It would help if the SQL statement was syntactically valid and if you provided the exact error message. When reformatted and syntax corrected, the statement looks like:
CREATE TABLE gtw_workflow_mon
(
workflow_name VARCHAR(255) NOT NULL,
workflow_loaded NUMERIC(20) NOT NULL,
activity_name VARCHAR(255) NOT NULL,
flags INTEGER NOT NULL,
monitor_name VARCHAR(255) NOT NULL,
classname VARCHAR(255) NOT NULL,
str0 VARCHAR(255),
str1 VARCHAR(255),
str2 VARCHAR(255),
num0 VARCHAR(255),
num1 VARCHAR(255),
num2 VARCHAR(255),
date0 VARCHAR(255),
date1 VARCHAR(255),
date2 VARCHAR(255),
PRIMARY KEY(workflow_name, workflow_loaded, activity_name, monitor_name)
);
And, when that is run on a system with 2KB pages, the error message is:
SQL -550: Total length of columns in constraint is too long.
The standard way of getting a brief explanation of an error message is finderr
; it says:
$ finderr -550
-550 Total length of columns in constraint is too long.
The total size of all the columns listed in a UNIQUE, PRIMARY KEY, or
FOREIGN KEY clause is limited. The limit depends on the database server
in use, but all servers support a total of 120 bytes. The limit is the
same as the restriction on the total size of all columns in a composite
index. For additional information, see the CREATE TABLE statement in
the IBM Informix Guide to SQL: Syntax.
$
The 'a total of 120 bytes' should be 'a total of at least 120 bytes'; that lower-bound applies to Informix SE. In IDS (Informix Dynamic Server), the lower-bound is 255 bytes, but it is bigger in more recent systems, and also bigger when the page size is bigger.
You have a variety of options.
- You can consider why your names need to be 255 characters each - is that sensible (would, say, 64 be sufficient)?
- If your server version is recent enough (10.00 or later, I believe), you could create the table in a dbspace with a larger page size.

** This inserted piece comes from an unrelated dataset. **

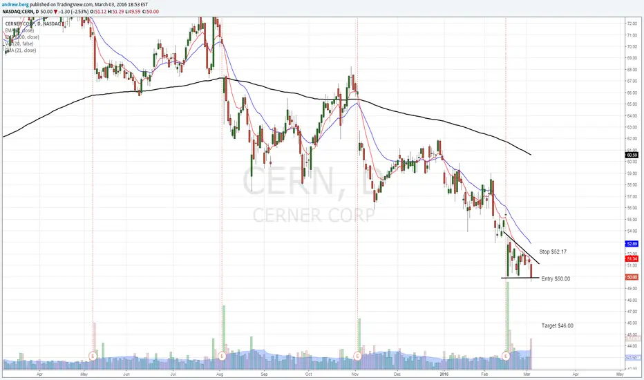 CERN continues to underperform. Overall chart is very weak, below all moving averages. And It feels like stock can accelarate to the downside when futures will find resistance. Today, it dropped down on big volume and closed right on $50 support, which acts like strong psychological level.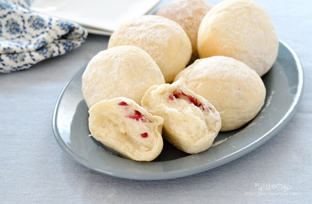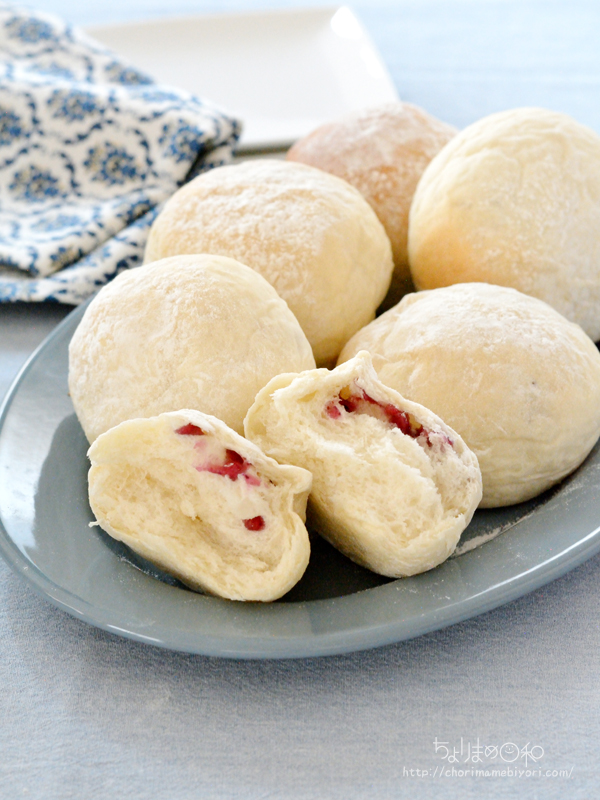 ふわふわの白パンに粒ジャムをたっぷり詰めました♡

Since the key is a maximum of 3*255+(20/2+1) = 776 bytes, and the rule of thumb is you need to be able to store 5 maximum-length key values + ROWID/FRAGID overhead (8 bytes) per page, you would need a 4 KB page size. (Had you been running on AIX, you probably wouldn't have noticed the issue.)
Also, you should not be storing date values in VARCHAR(255); you should use DATE or perhaps DATETIME YEAR TO DAY (a weird way of spelling DATE - though the underlying format is different, using 5 bytes on disk instead of 4 for a plain DATE), or perhaps DATETIME YEAR TO SECOND (a funny way of spelling TIMESTAMP), or ... The 'num0, num1, num2' fields are also dubious, too; if they are meant to store numbers, use NUMERIC or DECIMAL -- DECIMAL(20) in most IDS databases means a 20-digit floating point decimal number.
Edited to add:
And, to answer the direct question, VARCHAR columns can only be up to 255 bytes long; LVARCHAR columns can be up to about 32 KB; CHAR columns can be up to 32 KB; TEXT columns can be up to 2 GB, and CLOB columns can be even larger. The total length of a row is limited to about 32 KB (but BYTE, TEXT, BLOB and CLOB columns count as a fixed size descriptor towards that 32 KB total - the actual data is stored outside the row). There are some version dependencies that I'm not bringing out - if you are using IDS 10.00 or later, this is accurate.